There are currently two dominant XML schemas designed for
documentation:
- Darwin Information Typing Architecture (DITA), and
- DocBook
The DITA format is most appropriate to structures where there
are discrete blobs of information bound together by a common theme. If you
picture your content as a non-linear collection of related topics, then
DITA is for you (in this instance). The DocBook format is most appropriate
to lengthier texts, where the blobs of information are sequential. If you
picture your content as one large document made up of chapters and
sections, then DocBook is for you (in this instance).
DITA is
better suited to for single-sourcing approaches, where you need to produce
a Help system and a PDF user guide, for example.
If you can't make
up your mind which schema is appropriate, then flip a coin. DITA and
DocBook are quite similar, and it is possible to automatically transform
content in one format to another with reasonable fidelity.
Note: Fidelity is a term describing the degree to which the
integrity of the structure is maintained when transforming from one XML
application to another. For example, transformations from XHTML to DITA
have low fidelity, as the XHTML structure is too primitive to retain the
structure meta-information. What used to be a <concept><title>
in DITA is reduced to a <h1> in XHTML.
Over time, as you
become more familiar with both schemas, it will become easier for you to
identify which is the right one for your content.
What about XHTML?
It is true that XHTML is an
XML application, so techically speaking, you can very easily convert your
legacy HTML documents to XML by running them through an HTML to XHTML
converter such as HTML Tidy. While XHTML is a much preferable format to
the obsolete HTML format, it is not really an XML documentation format. It
is a generic, document styling format. In other words, XHTML is cheating -
it's not really what we mean when we talk about moving documentation to
XML. (By the way, there's another way of cheating, and that is to move
HTML into a generic DITA topic. But more on that later...)
Knowing the Schema
Once you have chosen a
schema for your content, you have also chosen a path of further learning.
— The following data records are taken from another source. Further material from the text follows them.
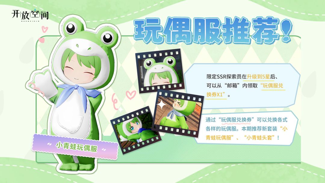 7月11日维护更新后,可通过“玩偶服兑换券”兑换“小青蛙玩偶服”、“小青蛙头套”。
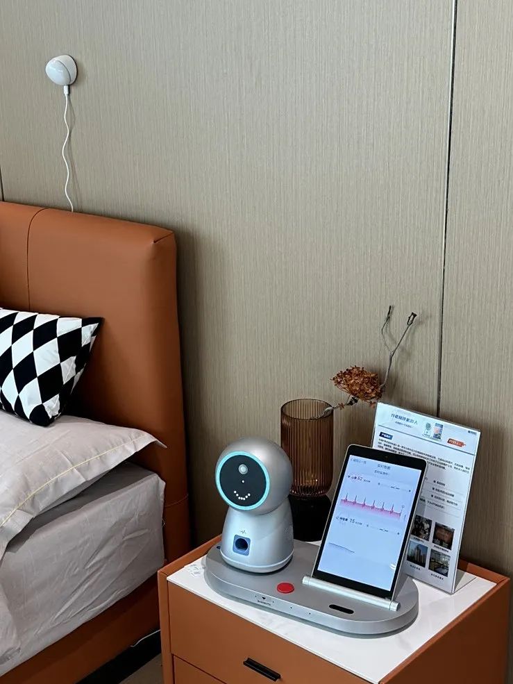在浴室、卧室等隐私场景下,机器人还可搭配跌倒监测仪及无感睡眠监测仪实时捕捉老人姿态和生理数据,若检测到跌倒或突发晕厥,系统会在20秒内自动报警并通过手机APP通知家属,有效破解隐私场景的安全监测难题。
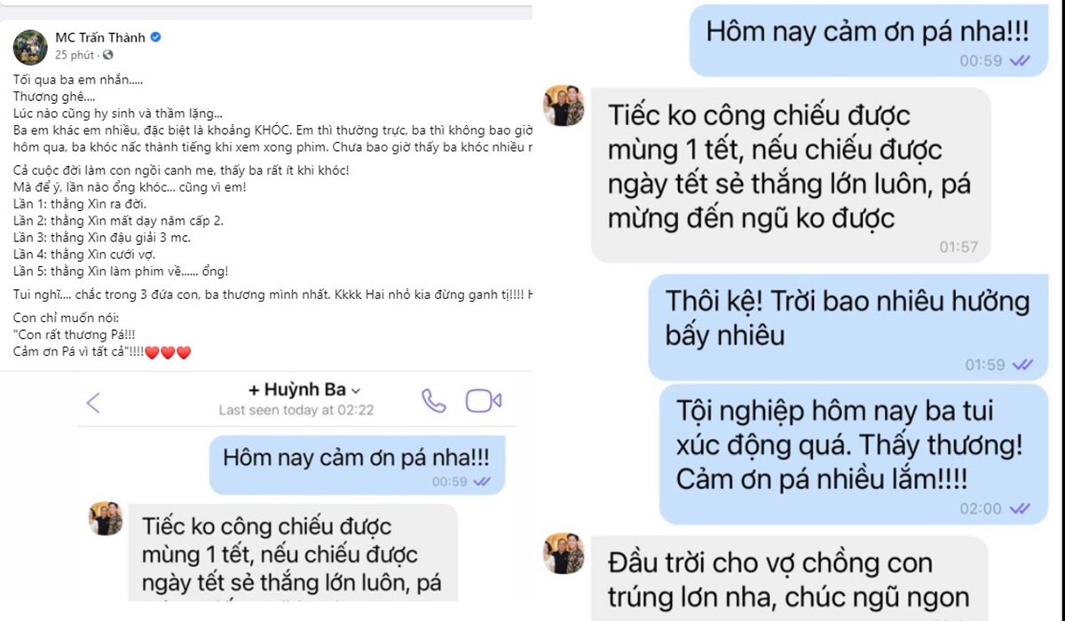 Sau buổi công chiếu phim, ba ruột của Trấn Thành cũng gửi đến anh những dòng tin nhắn chúc mừng cho thành công của con trai. Đoạn tin nhắn còn tiết lộ cách xưng hô đặc biệt khi Trấn Thành gọi bố ruột là “Pá’. Trước tình cảm của bố ruột với tác phẩm của mình, ông xã Hari Won vô cùng xúc động và gửi lời cảm ơn và yêu thương đến ba mình: "Con rất thương Pá!!! Cảm ơn Pá vì tất cả"!!.
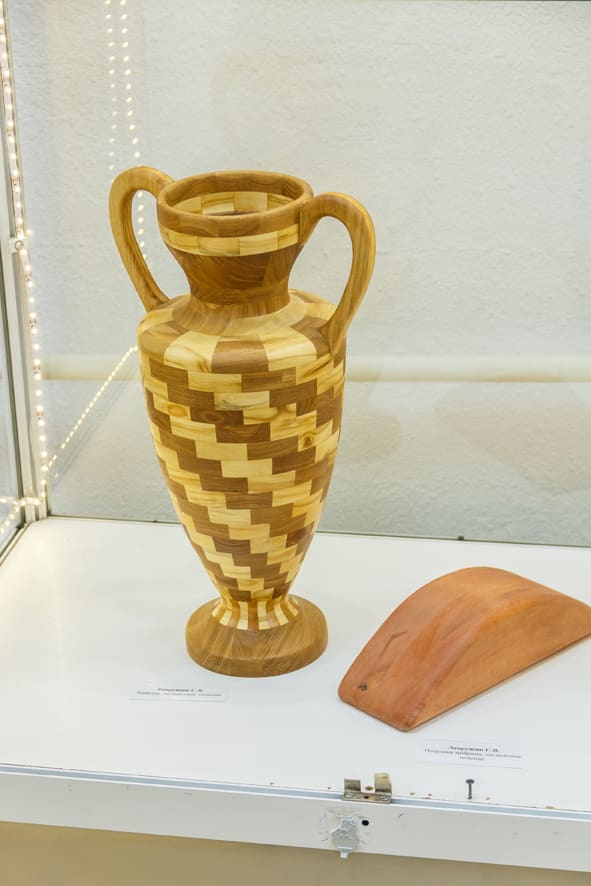 «Сосну, например, для самовара использовать нельзя, она со временем разбухнет, да и полируется не так. А вот обратите внимание на вазочку – она из груши, и тоже чуть-чуть клёна добавлено. В основном материалы беру местные. Караулю, когда весной городские службы делают санитарные обрезки деревьев в парках, забираю чурки, ветки и с ними потом работаю. В этом кувшине, – продолжает экскурсию по своей выставке Станислав, – рисунок подбирал, чтобы получился в виде спирали, замечаете? Здесь ольха с улицы Дальневосточной, а кедр привёз из Куйтунского района. А в этой разделочной доске выделяются затейливые узоры – это тёмные вставки из акации, обычного кустарника, что растёт у нас часто вдоль дорог. Первый раз его ствол распилил, увидел рисунок дерева – это потрясающе, решил использовать!»
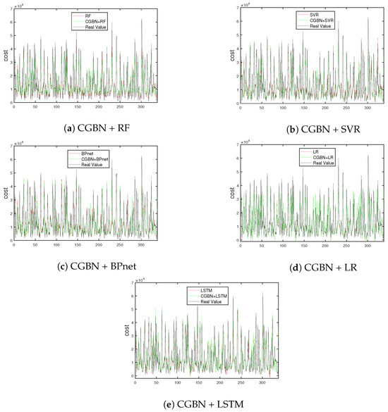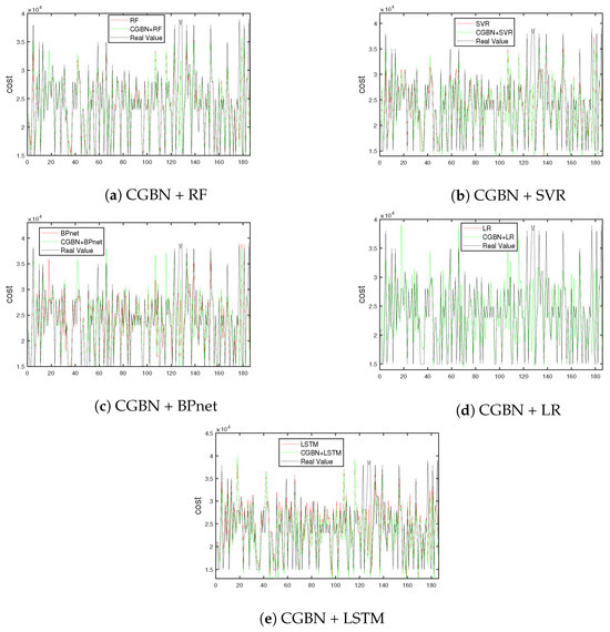 The three classes of CGBN structure learning algorithm were first used to learn dataset A. Then, the multiple network structures learned from the CGBN network structure algorithm were analyzed to obtain isolated nodes. After analysis, there was one isolated node with the highest number of occurrences in multiple network structures. The results obtained by the hybrid algorithms after deleting the isolated node corresponding to the feature variables in dataset A are shown in Figure 3. The single models (e.g. RF, SVR, etc.) analyzed the original dataset with no reduction in feature variables. Figure 3 shows the prediction graphs for CGBN + RF, CGBN + SVR, CGBN + BPnet, CGBN + LR, and CGBN + LSTM. Each graph contains the results predicted by the hybrid model, the results predicted by the single model, and the true values in Figure 3. As can be seen from Figure 3, the trend of the prediction curves of the hybrid and single models in Figure 3a,c are very close to the trend of the true curves, which indicates that CGBN + RF, RF, CGBN + BPnet, and BPnet have a better prediction ability on dataset A. The prediction curve of CGBN + LR in Figure 3d almost overlaps with the prediction curve of LR, which indicates that the prediction ability of CGBN + LR is the same as that of LR in the case of reduced data. Moreover, Figure 3b,e exhibit better predictive power than Figure 3d. Overall, the prediction curves of the hybrid models with reduced data volume are similar to those of the single models, which reflects the reasonableness of the hybrid models.
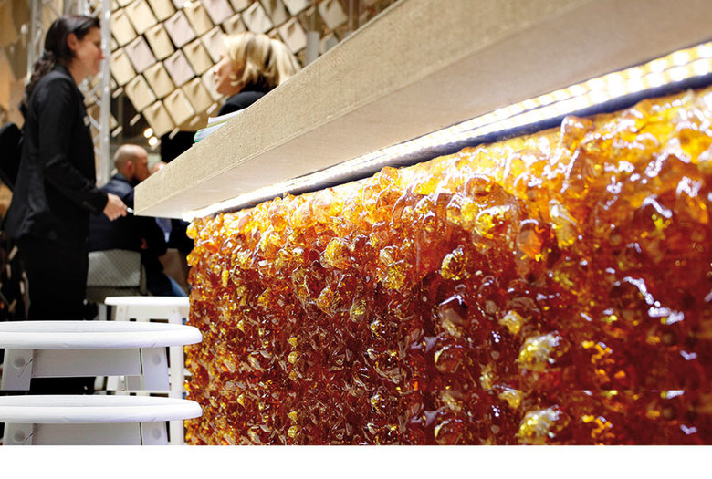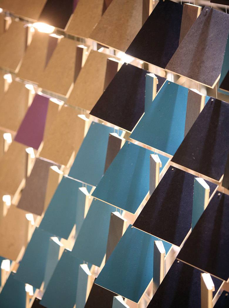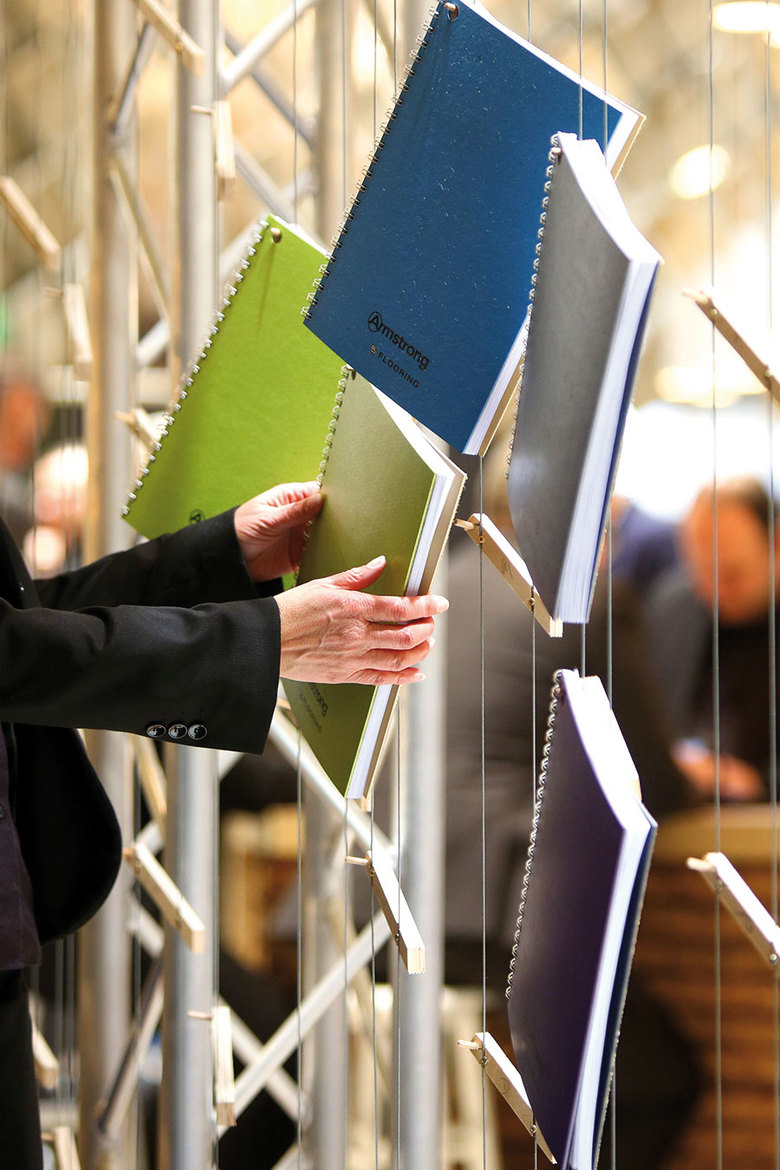Das Raumkonzept von SOMAA. basiert auf der bildhaften Idee eines Baumes, dessen natürlicher Kreislauf aus Wachstum und Verfall, das Nachhaltigkeitsprinzip der präsentierten Produkte widerspiegelt. Die Hülle des Messestands erinnert an ein frisches, flirrendes Blattwerk in verschiedenen farblichen Abstufungen. Sie besteht aus Linoleum eingebundenen Skizzenbüchern, die von den Besuchern herausgelöst und mitgenommen werden können. So lichtet sich die Hülle im Verlauf der Messe und legt das Standinnere frei. Es ist also im besten Sinne ein nachhaltiges Konzept, da die Standhülle nach der Messe ihre Verwendung findet.

In order to be productive in your chosen schema, you must become
intimately familiar with that schema.
For example, DITA concept
topics have dozens of elements, including author, note, index term, and
image. Let's pick the first one, note. You can probably guess what the
<note> tag is used for: marking up information differentiated from
the main text, which expands on or calls attention to a particular point.
But what if the note is more a warning than a note. In DITA, a
<note> element can be a note, tip, attention, caution, danger,
fastpath, important, or remember type. To work with DITA, you have to know
that there are different note types, and understand the difference. (For
example, it mighth be useful to know what a
"fastpath" note
is!) By comparison, DocBook also has a note element, but it is a container
for a note title and note paragraphs.
Fortunately, there are good
references for both DITA and DocBook, in a number of formats, including
CHM, incidentally!
Cheating with DITA Topics
DITA provides a
cheat's way of importing HTML content, through the generic
"topic" topic type. In DITA terminology, this topic type is
"untyped"; it is a generic catch all for topics that don't fit
into another context-specific topic type. The elements in
"topic" topics are quite bland, and include tags inherited from
HTML, such as <body>, <p>, <ul>, and can be easily
"mapped" to HTML equivalents.
AuthorIT's DITA support is currently
limited to
"topic" topic types, and consequently does not
support the more powerful structuring capabilities of XML. No doubt this
support will improve over time.
We won't mention DITA
"topic" topic types again, as we will concentrate on the
context-specific DITA topic types of
"concept",
"task" and
"reference".
Specialisations in DITA
If you choose DITA,
there's one further complication, and that's something called
"specialisation". Specialisation allows DITA elements to be
customised for specific purposes.
For example, DITA concept topics
can be broken into section elements (<section>). If you have a need
to specify for a second type of section, maybe called a <division>,
you can modify the schema to add a new <division> element, and model
it on the <section> element. If you write your own transformers, you
can then treat the <division> element differently from the standard
<section> element. But if you are using a stock-standard DITA
transformer, the <division> will not be treated as an error, but
will be processed as if it were a <section> tag.
Choosing a Tool
The choice of XML authoring
tool will depend upon resources available to you. There are two important
resources involved here:
- money, and
- technical expertise.
Money
There are many
authoring tools on the market, with varying degrees of functionality, and
with an enormous variation in price. Some tools are free, and other tools
may cost tens of thousands of dollars. And even if money is no object, the
best tool for you isn't necessarily the most expensive. However, having an
appropriate budget will make it easier to choose wisely.
Technical Expertise
XML
authoring tools fit into the categories of text editors, WYSIWYG editors,
and content management systems. Text editors require the user to be very
familiar with XML tagging concepts, and to be comfortable working in a
code-based environment. WYSIWYG editors (although WYSIWYG is not really an
accurate term, because in XML, what you get depends on what you need to
see!) are closer to conventional authoring tools such as Framemaker,
RoboHelp or Word. Content management systems attempt to take the XML out
of the picture, and provide a form-filling, online authoring environment.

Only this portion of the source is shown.